-- About this task --
For the listing below, output exactly the lines from the line with "Готовые домашние задания" up to and including the line with "雪に覆われた住宅街の夜、一軒", and no other lines.
Source data Block Start
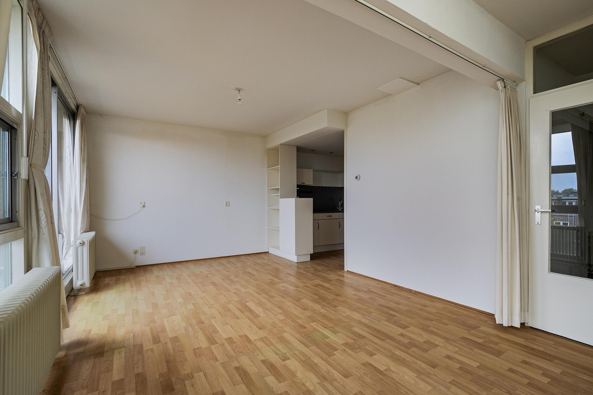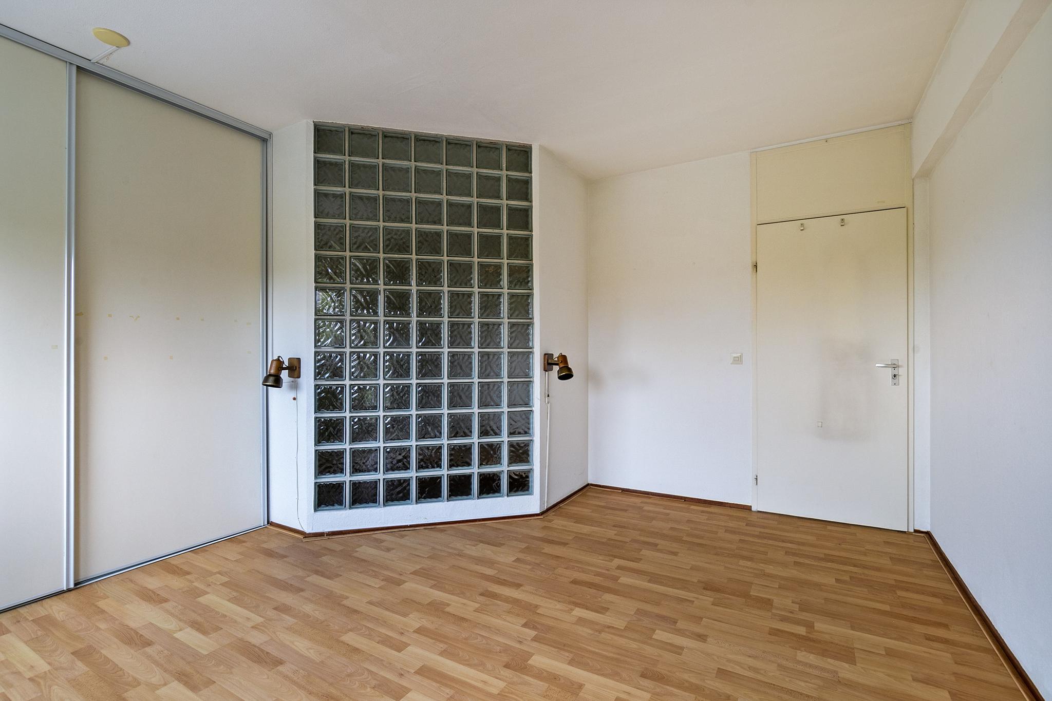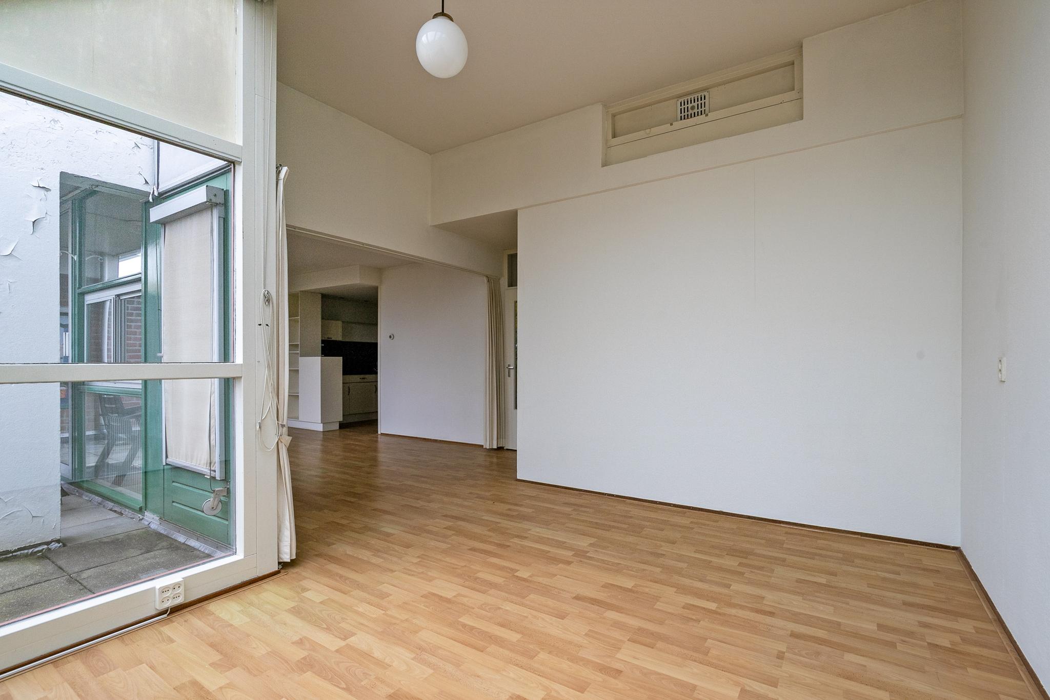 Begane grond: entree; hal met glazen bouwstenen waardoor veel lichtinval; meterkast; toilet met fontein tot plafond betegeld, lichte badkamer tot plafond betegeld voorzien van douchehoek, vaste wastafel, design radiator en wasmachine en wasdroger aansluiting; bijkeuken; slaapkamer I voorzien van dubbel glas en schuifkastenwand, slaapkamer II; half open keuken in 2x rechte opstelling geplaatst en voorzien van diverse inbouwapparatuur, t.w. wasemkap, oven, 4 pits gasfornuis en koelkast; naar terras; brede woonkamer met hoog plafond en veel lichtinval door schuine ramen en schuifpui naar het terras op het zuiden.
Source data Block End
Source data Block Start
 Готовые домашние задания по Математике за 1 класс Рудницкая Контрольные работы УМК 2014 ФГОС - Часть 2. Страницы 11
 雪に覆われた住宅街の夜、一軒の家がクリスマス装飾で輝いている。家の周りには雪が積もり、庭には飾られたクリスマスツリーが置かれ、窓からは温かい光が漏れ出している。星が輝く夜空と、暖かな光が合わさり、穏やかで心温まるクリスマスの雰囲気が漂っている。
Source data Block End
-- Your solution --
 Готовые домашние задания по Математике за 1 класс Рудницкая Контрольные работы УМК 2014 ФГОС - Часть 2. Страницы 11
 雪に覆われた住宅街の夜、一軒の家がクリスマス装飾で輝いている。家の周りには雪が積もり、庭には飾られたクリスマスツリーが置かれ、窓からは温かい光が漏れ出している。星が輝く夜空と、暖かな光が合わさり、穏やかで心温まるクリスマスの雰囲気が漂っている。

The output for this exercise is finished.